Nowhere was the gap bigger than in Wisconsin, where Cohen analyzed numbers for nearly 6,000 loans through Nissan's lender unit and concluded that the average finance charge markup amounted to $1,132 for blacks and $301 for white customers.

Dierdre Dickerson, Nissan spokeswoman, said the company couldn't offer a detailed response yet.

"We've only been able to do a very cursory examination of the material. Until we actually get a chance to look at it and kind of do our own data analysis, we can't comment on the report at all," she said.

A Milwaukee-area Nissan dealer told the paper that questions regarding the study were being referred to Dickerson. According to Nissan's Web site, there are 18 Nissan dealers in Wisconsin.

When a dealer arranges in-house financing for a car, he or she typically submits the customer's credit application to the lender. Lenders affiliated with automakers approve an interest rate for the car loan based on the person's income and credit history, but then also allow dealers to add percentage points to that rate without informing the consumer, a practice sometimes referred to as dealer markup or rate spread. That finance charge markup then is split between the dealer and the lender.

One longtime Milwaukee-area car salesman said "it ultimately gets down to that business manager thinking, 'How much spread can I make in a rate on individual customers?'"

Car dealers justify the mark-up as the customer's cost of being able to obtain a loan on the spot instead of going back to a bank or credit union for financing. However, some contend, the markup can be problematic because it results in a customer's cost of credit being determined by something in addition to his or her creditworthiness.

For some customers, the convenience of dealer-offered financing may be worth the cost. But the Cohen study of Nissan lending indicates that blacks are subject to the markup more frequently and in bigger amounts than whites. Similar claims have been made against several other large automakers as well.
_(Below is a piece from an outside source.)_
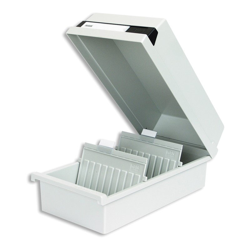 Закрытая горизонтальная картотека Han формата А6 изготовлена из пластика светло-серого цвета, размеры — 360×177×140 мм. Крышка непрозрачная. Картотека предназначена для удобного хранения и систематизации карточек и документов, например, трудовых книжек. Вмещает до 1300 картонных карточек (в комплект не входят). Поставляется с двумя пластиковыми разделителями и двумя прозрачными индексными окнами. Всего можно установить до 26 разделителей (приобретаются отдельно).

Gregory Squires, a George Washington University professor whose research while he was on the faculty at the University of Wisconsin-Milwaukee put pressure on Milwaukee's home lenders to do more business with minorities, said he was not surprised by racial disparity in auto lending.

Squires said he believes that generally, auto dealers "operate on the assumption that blacks are not as sophisticated" as whites, and that women are not as knowledgeable as men, in negotiating for better deals.
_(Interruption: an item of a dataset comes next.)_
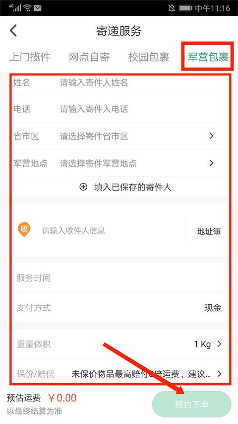 6、選擇“軍營包裹”,首先填寫好寄件人“姓名”、“電話”、“省市區(qū)”、“軍營地點”和“收件人信息”,然后填寫重量體積”和“保價/賠償”服務,最后選擇“預約下單”選項,用戶可根據(jù)自己的需求選擇相應的寄件服務即可。

Marquette University professor Dennis Garrett, an expert on consumer complaints and marketing, said there probably is "no simple answer" to the markup disparity.
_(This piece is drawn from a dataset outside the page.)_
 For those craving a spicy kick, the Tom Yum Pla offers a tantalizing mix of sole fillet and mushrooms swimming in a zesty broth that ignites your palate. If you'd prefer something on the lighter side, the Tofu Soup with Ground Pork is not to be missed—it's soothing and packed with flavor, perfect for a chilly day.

"I've always argued that the solution to these very important but challenging problems are really in the consumer education realm," Garrett said. "We have to continually work to educate consumers better as to how to go about achieving their best interests in the marketplace."

But, Garrett added: "At the same time, while we work on that part of the issue, we also have to be vigilant on the other end to try and weed out those business operators who are, in fact, maliciously trying to really discriminate against certain categories of consumers out there."

The auto association's Williams said he intends to look into the study's findings in an attempt to pinpoint a reason for the gap.

"This association absolutely - underline absolutely - is opposed to racial discrimination," Williams said.